BEGIN Data section

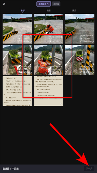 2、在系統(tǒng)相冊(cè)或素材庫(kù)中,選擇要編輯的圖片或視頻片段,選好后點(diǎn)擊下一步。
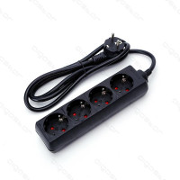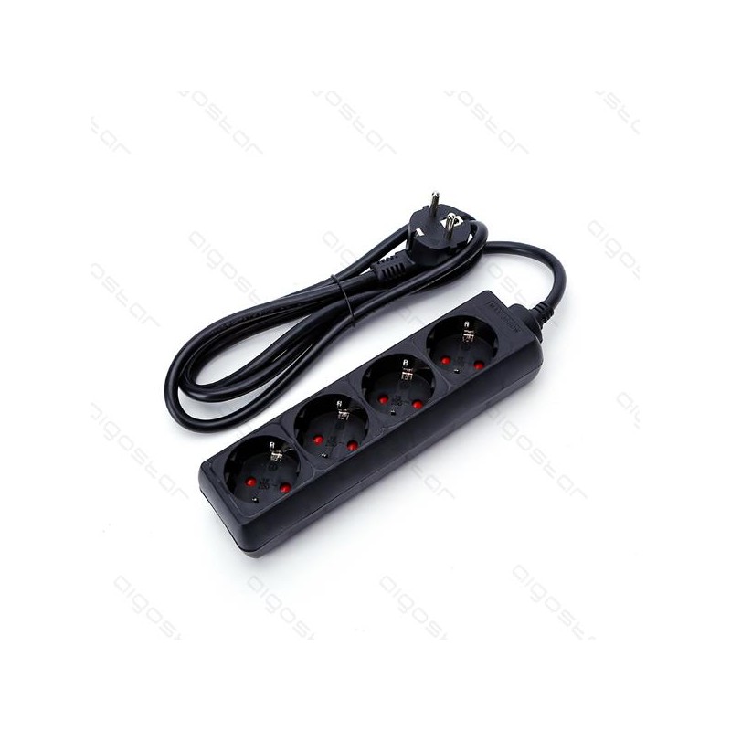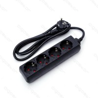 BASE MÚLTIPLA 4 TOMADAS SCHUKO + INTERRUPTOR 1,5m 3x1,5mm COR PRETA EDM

END Data section
BEGIN Data section

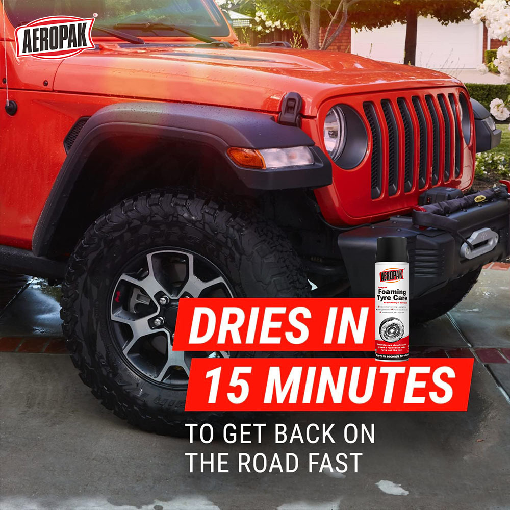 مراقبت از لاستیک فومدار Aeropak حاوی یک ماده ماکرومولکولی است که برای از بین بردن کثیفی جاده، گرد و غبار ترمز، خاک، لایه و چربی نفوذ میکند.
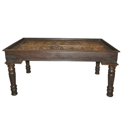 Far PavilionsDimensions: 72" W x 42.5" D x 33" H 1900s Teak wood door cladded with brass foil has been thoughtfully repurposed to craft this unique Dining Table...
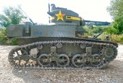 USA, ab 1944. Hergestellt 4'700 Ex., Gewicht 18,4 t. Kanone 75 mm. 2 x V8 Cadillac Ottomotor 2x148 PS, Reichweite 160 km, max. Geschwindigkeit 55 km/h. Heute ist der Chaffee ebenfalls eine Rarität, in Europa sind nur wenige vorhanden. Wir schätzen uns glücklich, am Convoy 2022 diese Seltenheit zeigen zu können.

END Data section
BEGIN Data section

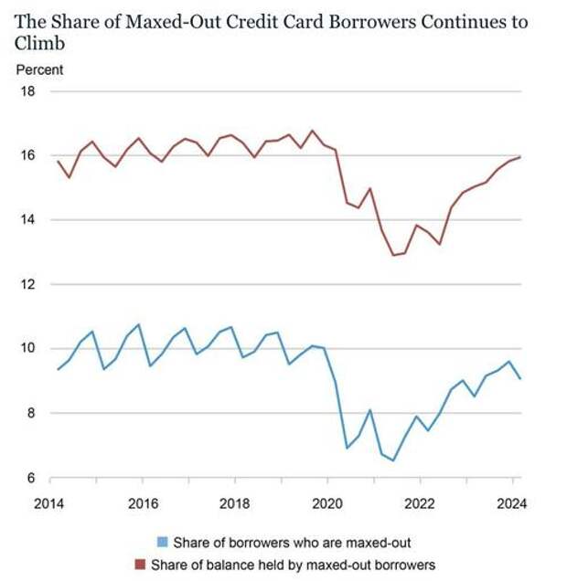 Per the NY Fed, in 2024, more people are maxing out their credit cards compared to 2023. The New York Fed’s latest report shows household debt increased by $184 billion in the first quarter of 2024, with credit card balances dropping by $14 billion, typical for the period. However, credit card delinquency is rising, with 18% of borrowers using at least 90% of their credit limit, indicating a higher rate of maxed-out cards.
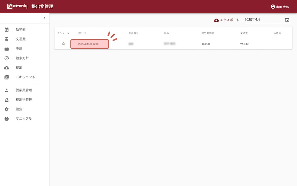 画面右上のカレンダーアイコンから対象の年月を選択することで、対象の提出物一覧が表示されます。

END Data section

### Problem to solve
An exact copy is needed of the stretch above that opens with the line containing "unique Dining Table..." and closes with the line containing "USA, ab 1944."; the pictures are not part of it.

### Task answer
 Far PavilionsDimensions: 72" W x 42.5" D x 33" H 1900s Teak wood door cladded with brass foil has been thoughtfully repurposed to craft this unique Dining Table...
 USA, ab 1944. Hergestellt 4'700 Ex., Gewicht 18,4 t. Kanone 75 mm. 2 x V8 Cadillac Ottomotor 2x148 PS, Reichweite 160 km, max. Geschwindigkeit 55 km/h. Heute ist der Chaffee ebenfalls eine Rarität, in Europa sind nur wenige vorhanden. Wir schätzen uns glücklich, am Convoy 2022 diese Seltenheit zeigen zu können.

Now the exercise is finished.